- Aim of the task:
Exact copy, no pictures: return all the data below as written.
---------- Records for the exercise
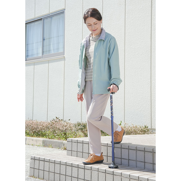 4点式だから自立します。360°動くつえ先で扱いもスムーズ。
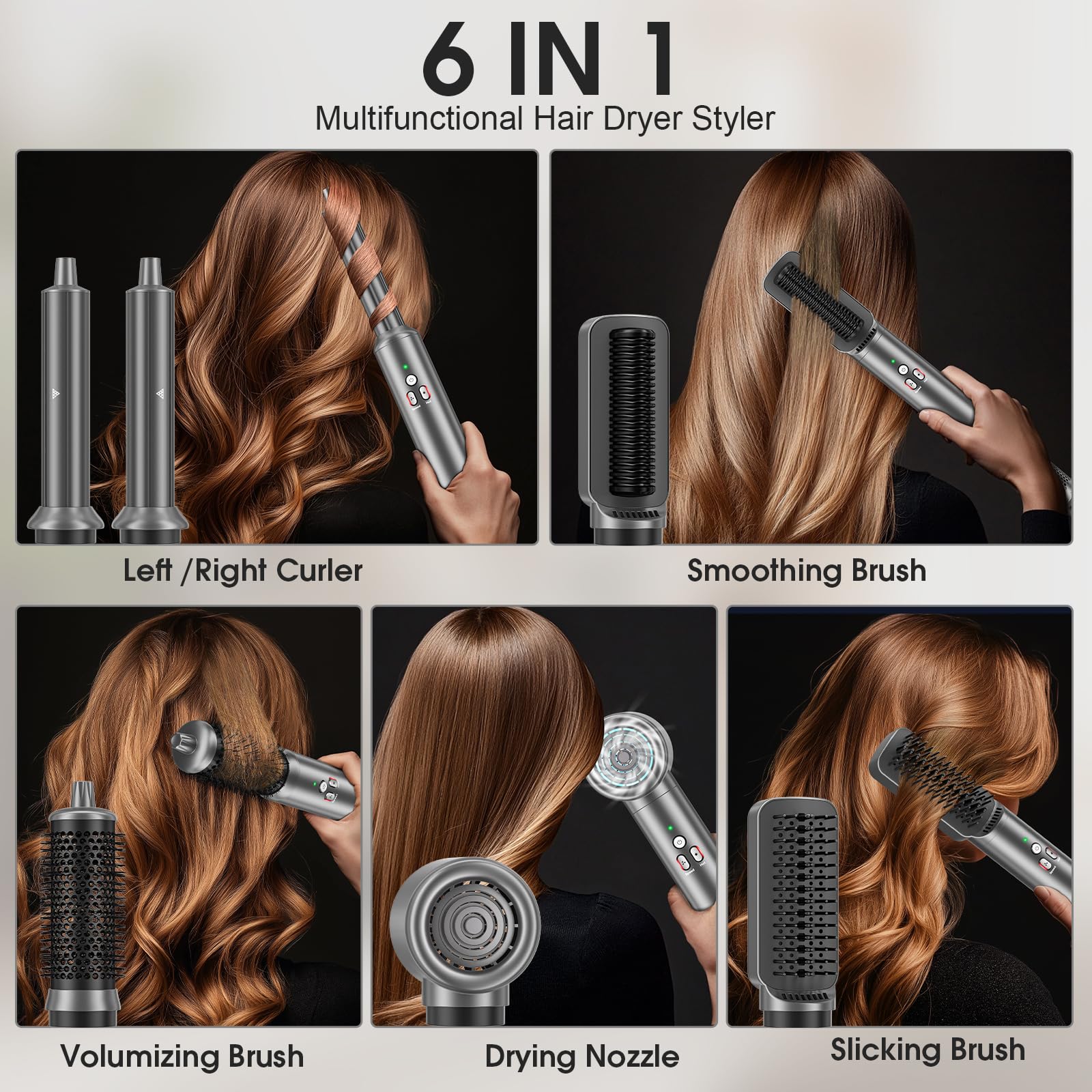 AOMEES Professional Hot Air Styler & Drying System, 6 in 1 Powerful Hair Dryer Brush • Styling Without Heat Damage, with Air Curler, Hair Dryer, Volumizer Brush, Hair Straightener Brush, Smooth Comb
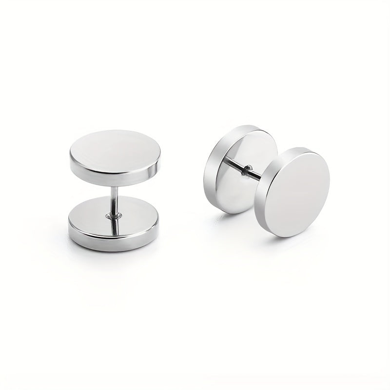 Men's Silver Round Disc Earrings 316L Stainless Steel Ear Clasps
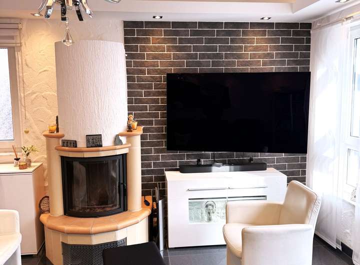 Großes Wohnzimmer mit Kamin und Klimaanlage
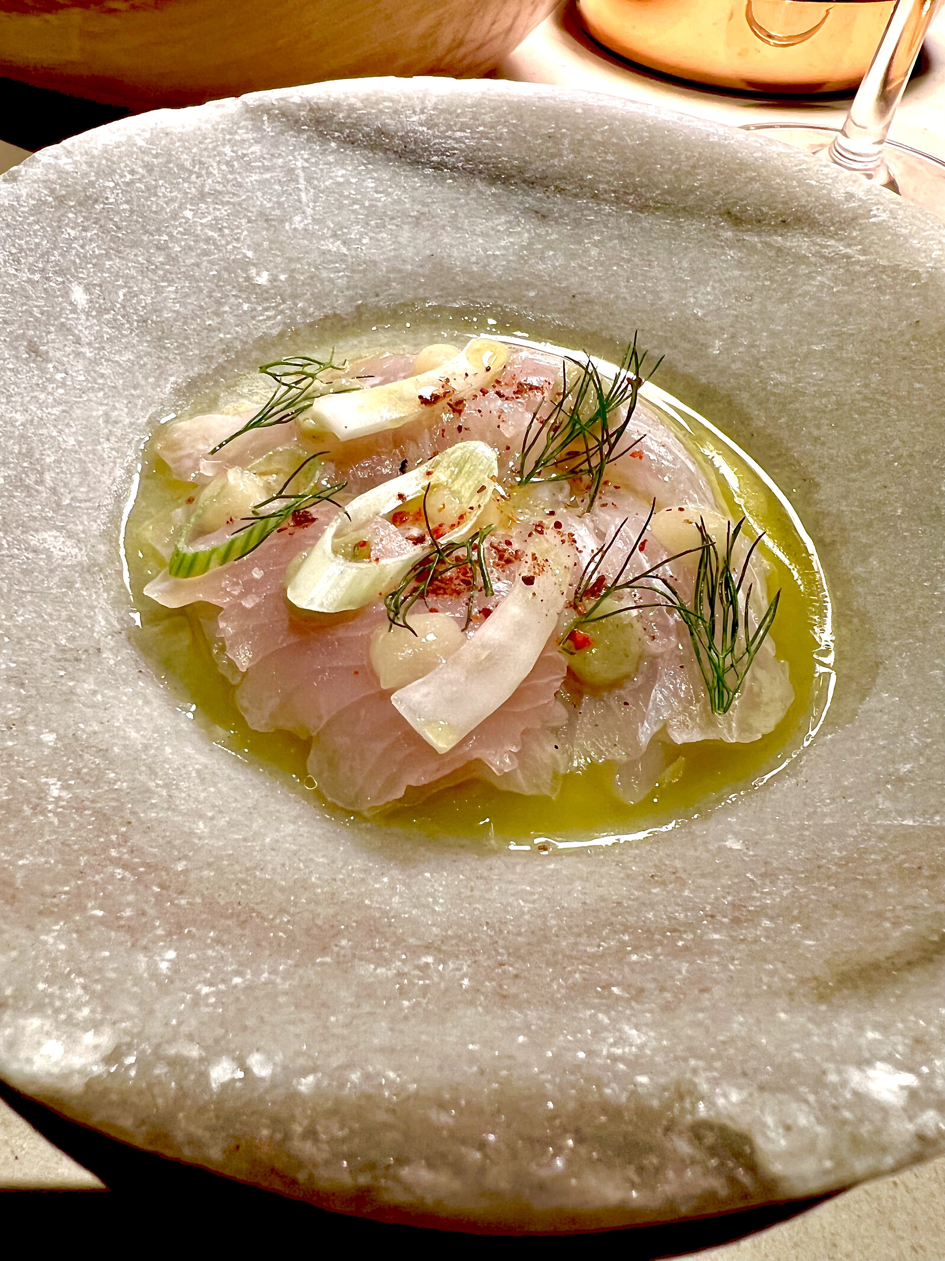La Sériole marinée, fenouil et huile d’olive est une entrée qui garde toute sa mâche et sa verve iodée, qui s’anise en élégance du fenouil du jardin et s’enveloppe d’une ardente et précieuse huile d’olive, le tout est servi à une parfaite température qui déploie les saveurs.
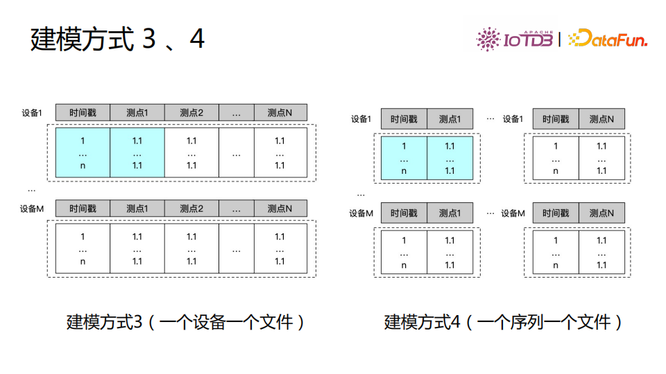 图中左侧是一个车辆有两个传感器,这两个传感器采集的时间是不对齐的,这时我们叫它非对齐的序列。那这种建模方式会把每一个时间序列里都存一列时间,这种方式是最节省空间的,没有存储任何空值。这种方式适合一个设备的不同传感器是独立采集的场景。
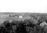 telefonledning, åkermark, bygata, träd, bybebyggelse, kyrka
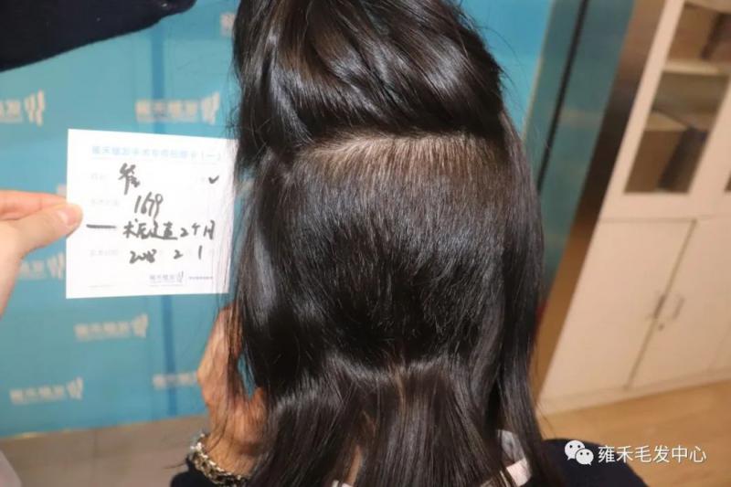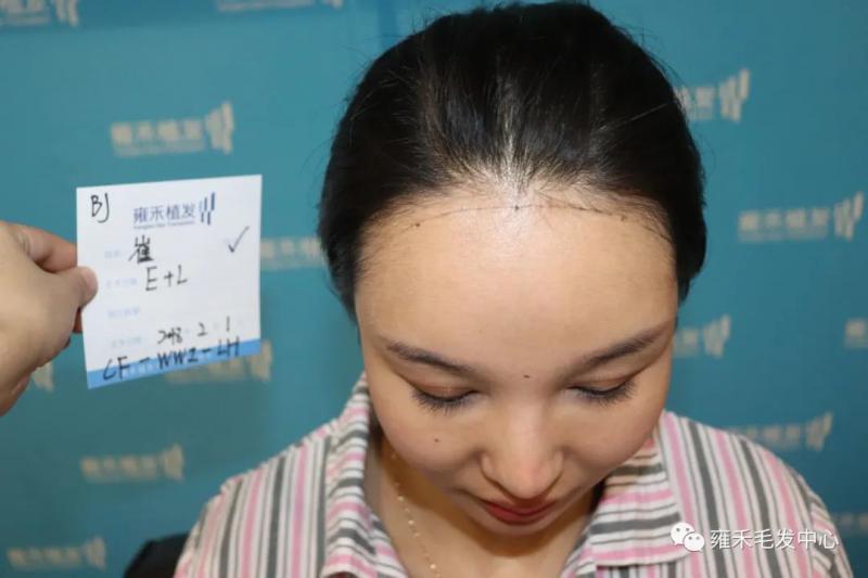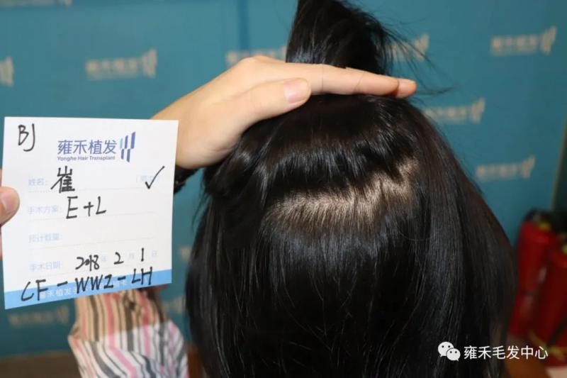 因为是女性植发,前面干脆不理发,再把头发往前一梳可以遮盖种植区,后面理了一点取发区,但后枕上部留了长头发,披散开来能遮挡取发区。隔天,崔医生继续上班接待发友,别人愣是没看出来她手术的痕迹,就像没植发一样,这就是雍禾的艺术植发。
--------------------
- Your response:
 4点式だから自立します。360°動くつえ先で扱いもスムーズ。
 AOMEES Professional Hot Air Styler & Drying System, 6 in 1 Powerful Hair Dryer Brush • Styling Without Heat Damage, with Air Curler, Hair Dryer, Volumizer Brush, Hair Straightener Brush, Smooth Comb
 Men's Silver Round Disc Earrings 316L Stainless Steel Ear Clasps
 Großes Wohnzimmer mit Kamin und Klimaanlage
La Sériole marinée, fenouil et huile d’olive est une entrée qui garde toute sa mâche et sa verve iodée, qui s’anise en élégance du fenouil du jardin et s’enveloppe d’une ardente et précieuse huile d’olive, le tout est servi à une parfaite température qui déploie les saveurs.
 图中左侧是一个车辆有两个传感器,这两个传感器采集的时间是不对齐的,这时我们叫它非对齐的序列。那这种建模方式会把每一个时间序列里都存一列时间,这种方式是最节省空间的,没有存储任何空值。这种方式适合一个设备的不同传感器是独立采集的场景。
 telefonledning, åkermark, bygata, träd, bybebyggelse, kyrka
 因为是女性植发,前面干脆不理发,再把头发往前一梳可以遮盖种植区,后面理了一点取发区,但后枕上部留了长头发,披散开来能遮挡取发区。隔天,崔医生继续上班接待发友,别人愣是没看出来她手术的痕迹,就像没植发一样,这就是雍禾的艺术植发。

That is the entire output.